The late night comments hurt, my response was the deepest of disappointment, but it simply reminds me that “pleasing others” is not part of the process of reaching goals or obedience to what is within me to do. Basing my worth, health, or vision on anything but the one who created me is limiting.
What are you believing you can do in your life? What goals do you have before you? How do you overcome disappointments? Where do you go when you cannot look on the bright side of something said to you. (Now I personally believe there is a bright side to most of the experiences in my world….in this case, it taught me that I desire far too much for human approval, and I allow far too easily for words to hurt my heart, so I will adjust my expectation of how I receive feedback).The truth is, taking time to talk to the person later, after rest, after the busy-ness had passed easily resolved the misunderstanding. Not all conversations work out, but in this instance, a heart to heart conversation, so hard to make myself have, happened later that cleared up the distance between what was said and what was heard. So many times, simply talking it through solves the misunderstandings, hurts, and stings.
Sometimes when you cannot look on the bright side when all seems light except for where you are…it’s simply time to pause…. to pray….to rest in God’s promises….and presence…then to go forth again, and seek peace. Perhaps instead of getting hurt, or insulted, or taking offense… it is time to pause.
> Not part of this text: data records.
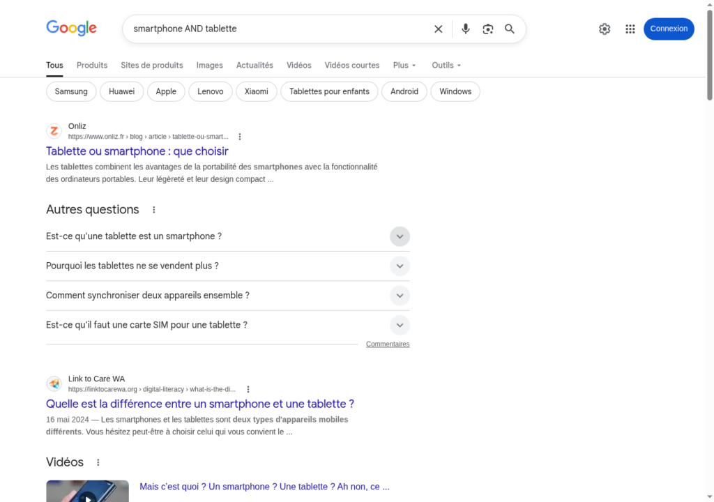 Exemple :smartphone AND tablette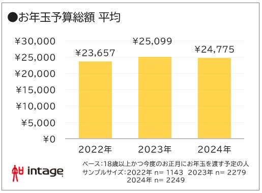 お年玉をあげる予定はほぼ変わらなかったですが、「予算総額の平均」はどうなっているでしょう?こちらも24,775円で昨年から微減となっています(図表3)。2023年調査では前年比6%増でしたが、今年はあげる人同様にほぼ変化はありませんでした。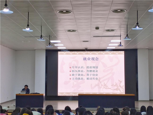 4月8日晚7点,我校音乐学院在北校区报告厅举行《当前就业浅谈与人生思考》讲座,音乐学院全体学生到场,我校老师宁付友担任主讲。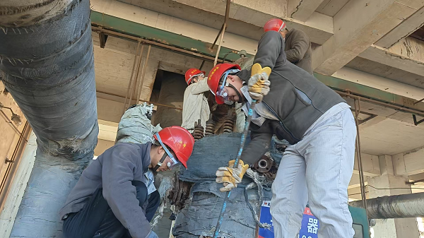 本次檢修任務繁重,但檢修人員卻干勁十足。他們有的拆卸螺栓,有的進行吊裝,有的開展焊接……他們配合默契,動作精準,工作井然有序。他們以勇于擔當?shù)呢熑胃泻蜁r不我待的使命感攻克難關(guān),用實際行動勾勒出了一幅幅彰顯勞動之美的畫卷。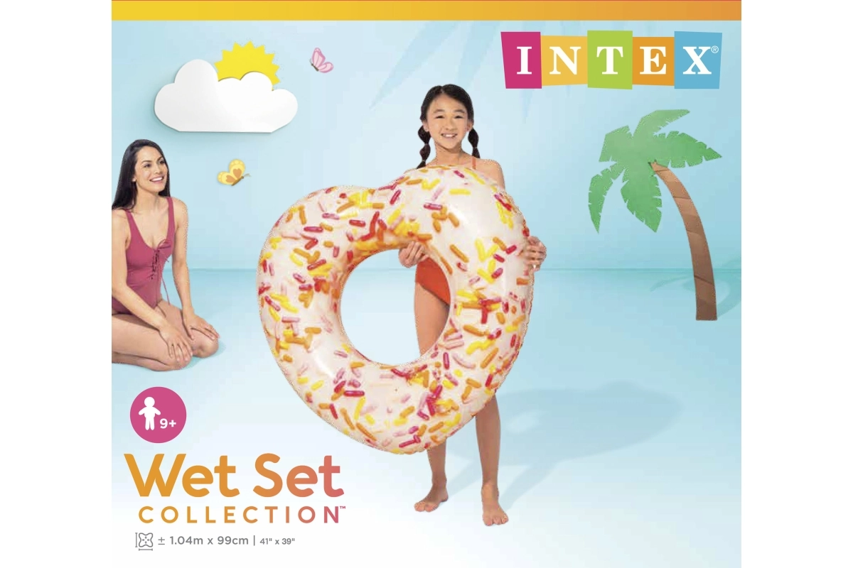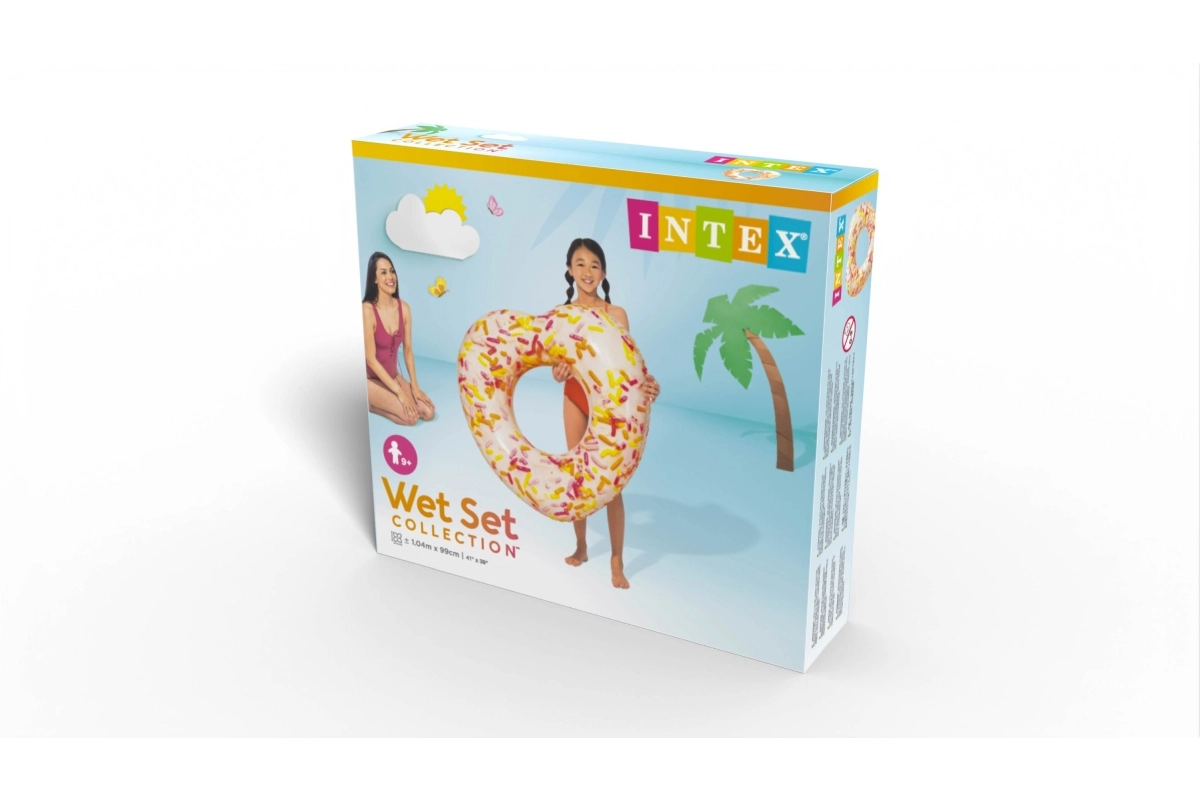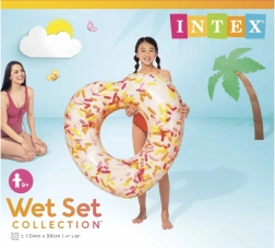 Този оригинален надуваем пояскa във форма на сърце ще зарадва всички любители на водата. Реалистичният принт на донът с посипки придава игрива атмосфера на вашето къпане, а здравият и издръжлив материал осигурява безопасно и удобно лежане върху водната повърхност.

To pray, to allow the Holy Spirit to speak into your heart, to heal your hurts, to release your emotions….and to remember, that He passionately pursues you, created you, forgives you, provided the Holy Spirit to guide you, because you are loved, even if you are struggling to love yourself, your mistakes and your humanness….even if no one else “gets” some part of you….the heavenly Father saw fit to create you….just.as.you.are.